▶ **Try it**
Give the lines again exactly as they appear below, from the line with "contact with us" to the line with "LAPTOP, DELL LATITUDE", both included, and only those lines. Leave every picture out.

==== Data provided

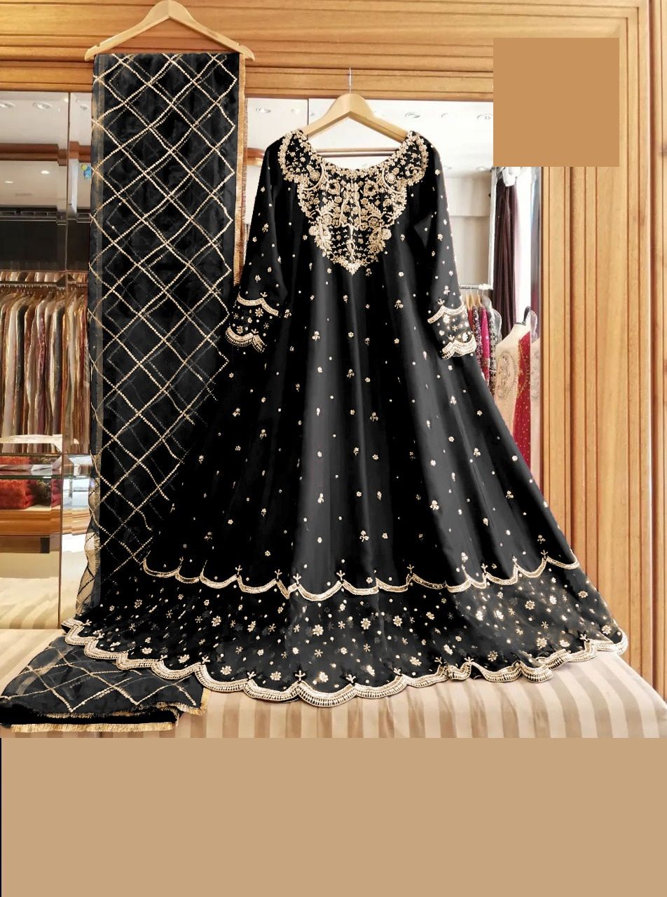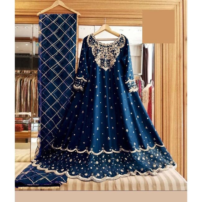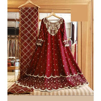 NC-31 3PCs Stitched Embroidered Long Frock - Maroon / Small
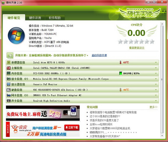 由于时间原因,也没有做过多的评测什么的,随便测试了一下,各位凑活看着先,但是对于上网本,确实也没有什么必要来做性能评测了吧,嘿嘿
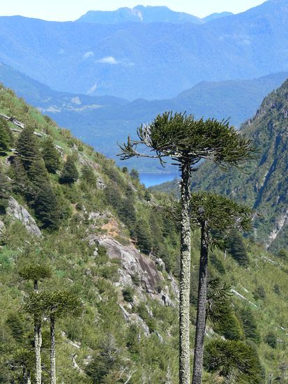 Eine letzte Erinnerung an den Park ist das Bild einer alleinstehenden Araucarie vor grandioser Kulisse:
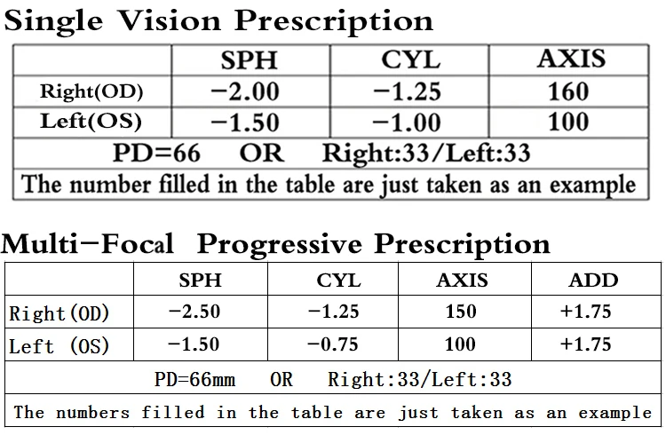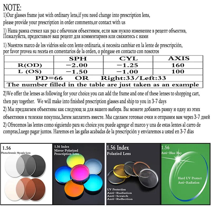 ▲Our glasses frame just with ordinary lens,if you need change into prescription lens,please provide your prescription to us in order comments as following,or contact with us
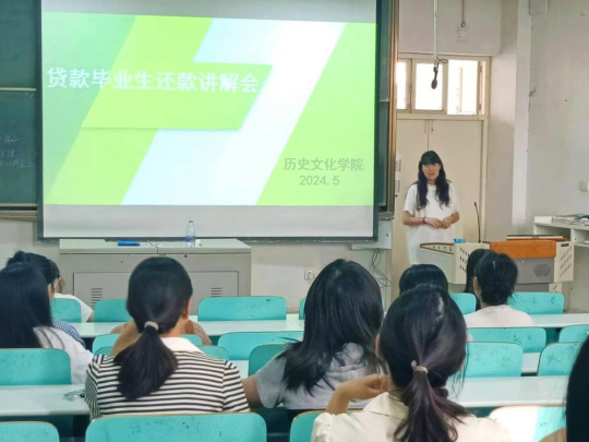会上,吴慧娟讲解了国家助学贷款的还款政策、还款流程、展期办理及违约后果等相关内容,希望大家要严守贷款合同,履行还款义务,做一个诚实守信、奉献社会的人。随后,她向学生们普及了相关征信常识,并用部分还款违约事例及其造成的不良影响提醒学生务必在规定期限内还款,及时了解相关信息,避免因还款逾期被纳入征信系统,对未来工作和生活造成不良影响。
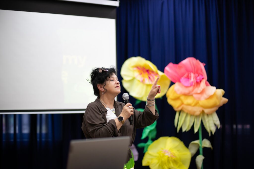 Dyrektor szkoły, p. Dorota Rasała-Świtoń, przedstawiła wyniki autoewaluacji działań realizowanych w ramach Programu Szkoła Promująca Zdrowie – procesu, który umożliwia stałe doskonalenie podejmowanych inicjatyw w obszarze wspierania zdrowia uczniów, nauczycieli i całej społeczności szkolnej. W swoim wystąpieniu podkreśliła, że nasza szkoła uczestniczy w programie już od 30 lat, ponieważ wierzymy, że edukacja to nie tylko przekazywanie wiedzy, ale również troska o dobrostan fizyczny, psychiczny i społeczny.
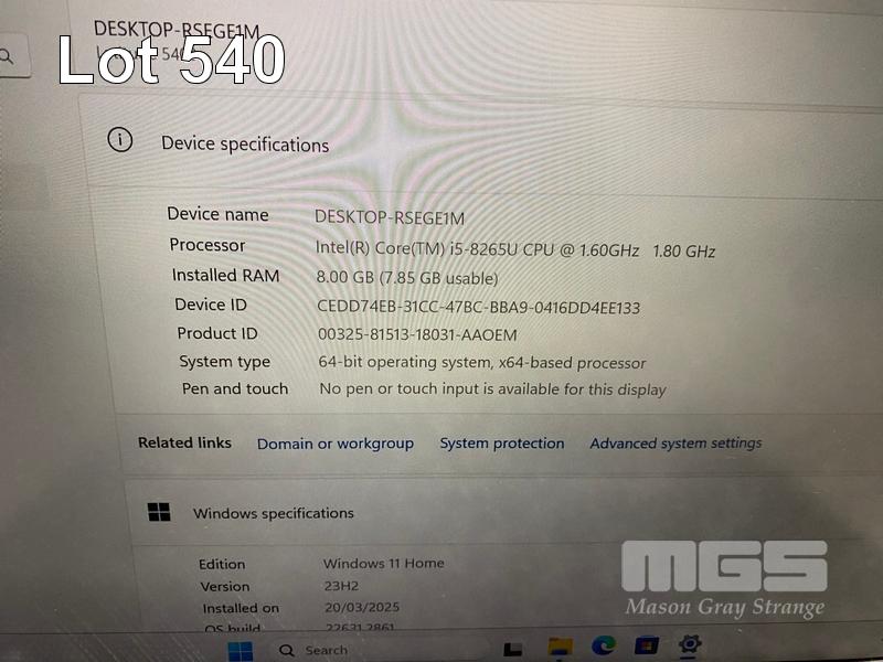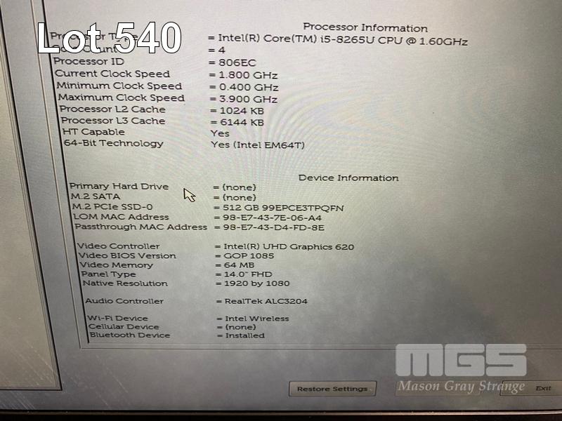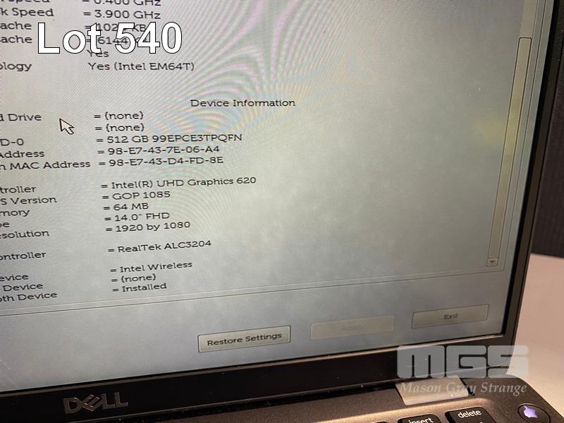 LAPTOP, DELL LATITUDE 5400, CORE i5 8265U (8TH GEN) @ 1.6GHz, 8GB DDR4 RAM, 512GB NVMe M.2 SSD, 14" WIDESCREEN (1920x1080), INTEL UHD GRAPHICS 620, Wi-Fi, BLUETOOTH, WINDOWS 11 HOME INSTALLED & POWER SUPPLY (NOTE: MARKS, SPOTS & BLEMISHES ON SCREEN) S/N:DWC7ZY2
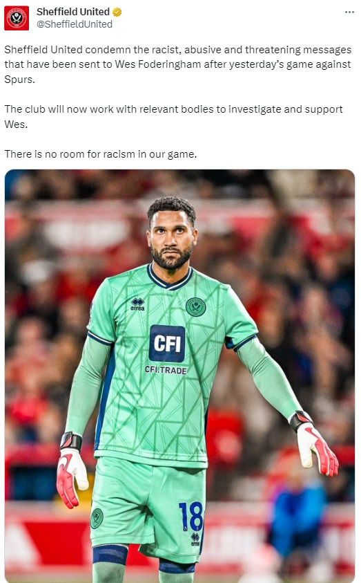 영국 매체 '데일리 메일'은 18일(한국시간) "셰필드 유나이티드와 토트넘 홋스퍼는 셰필드 골키퍼 웨스 포더링엄이 받은 인종차별을 규탄했다"라고 보도했다.
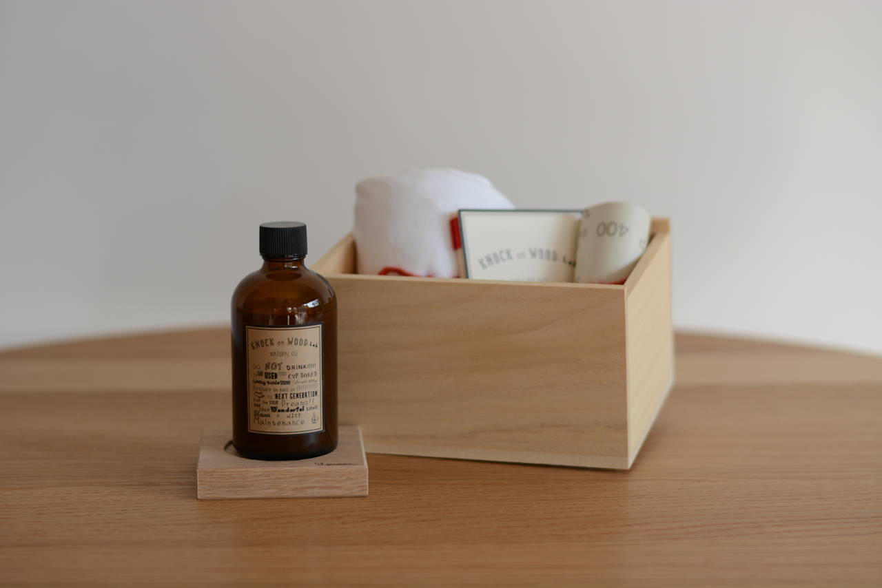 greeniche無垢家具の魅力は、長く使いながら育てていけること。使い込むほどに深まる色合い、手を入れながら育てていく時間。それが、「家具との大切な関係」のひとつだと私たちは考えています。そこで今回、テーブルをご購入いただいた方へもれなく、 メンテナンスキットをプレゼントいたします。
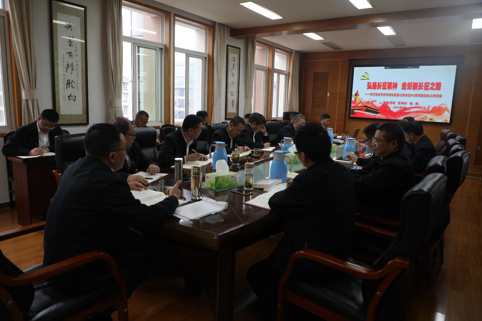 党委书记、董事长杜勤同志以《论中国共产党史》一书中“习近平总书记在纪念红军长征80周年座谈会上的讲话”为内容,深刻领会长征精神的内涵实质。伟大长征精神就是把全国人民和中华民族的根本利益看得高于一切,坚定革命的理想和信念,坚信正义事业必然胜利的精神;就是为了救国救民,不怕任何艰难险阻,不惜付出一切的牺牲精神;就是坚持独立自主、实事求是,一切从实际出发的精神;就是顾全大局、严守纪律、紧密团结的精神;就是紧紧依靠人民群众,同人民群众生死相依、患难与共、艰苦奋斗的精神。他指出,我们要从长征精神中汲取智慧力量,围绕实现“两个一百年”奋斗目标、实现中华民族伟大复兴的中国梦而不懈奋斗。对我们企业而言,努力实现企业发展稳定,长治久安;努力提升职工的幸福感、获得感,打造百年嘉阳、重现企业辉煌实现企业高质量发展就是我们的奋斗目标;要实现这一目标就必须要更加坚定理想信念,脚踏实地、真抓实干,发扬百折不挠的革命主义精神,党员干部要切实履行责任和义务,充分发挥先锋模范作用,继承和发扬嘉阳“艰苦奋斗、求实奋进”的优良传统,进一步提高矿井自动化、智能化水平,提升安全保障能力,巩固煤炭主业,为实现百年嘉阳梦想不懈奋斗。

========

▶ **Answer space**
 ▲Our glasses frame just with ordinary lens,if you need change into prescription lens,please provide your prescription to us in order comments as following,or contact with us
会上,吴慧娟讲解了国家助学贷款的还款政策、还款流程、展期办理及违约后果等相关内容,希望大家要严守贷款合同,履行还款义务,做一个诚实守信、奉献社会的人。随后,她向学生们普及了相关征信常识,并用部分还款违约事例及其造成的不良影响提醒学生务必在规定期限内还款,及时了解相关信息,避免因还款逾期被纳入征信系统,对未来工作和生活造成不良影响。
 Dyrektor szkoły, p. Dorota Rasała-Świtoń, przedstawiła wyniki autoewaluacji działań realizowanych w ramach Programu Szkoła Promująca Zdrowie – procesu, który umożliwia stałe doskonalenie podejmowanych inicjatyw w obszarze wspierania zdrowia uczniów, nauczycieli i całej społeczności szkolnej. W swoim wystąpieniu podkreśliła, że nasza szkoła uczestniczy w programie już od 30 lat, ponieważ wierzymy, że edukacja to nie tylko przekazywanie wiedzy, ale również troska o dobrostan fizyczny, psychiczny i społeczny.
 LAPTOP, DELL LATITUDE 5400, CORE i5 8265U (8TH GEN) @ 1.6GHz, 8GB DDR4 RAM, 512GB NVMe M.2 SSD, 14" WIDESCREEN (1920x1080), INTEL UHD GRAPHICS 620, Wi-Fi, BLUETOOTH, WINDOWS 11 HOME INSTALLED & POWER SUPPLY (NOTE: MARKS, SPOTS & BLEMISHES ON SCREEN) S/N:DWC7ZY2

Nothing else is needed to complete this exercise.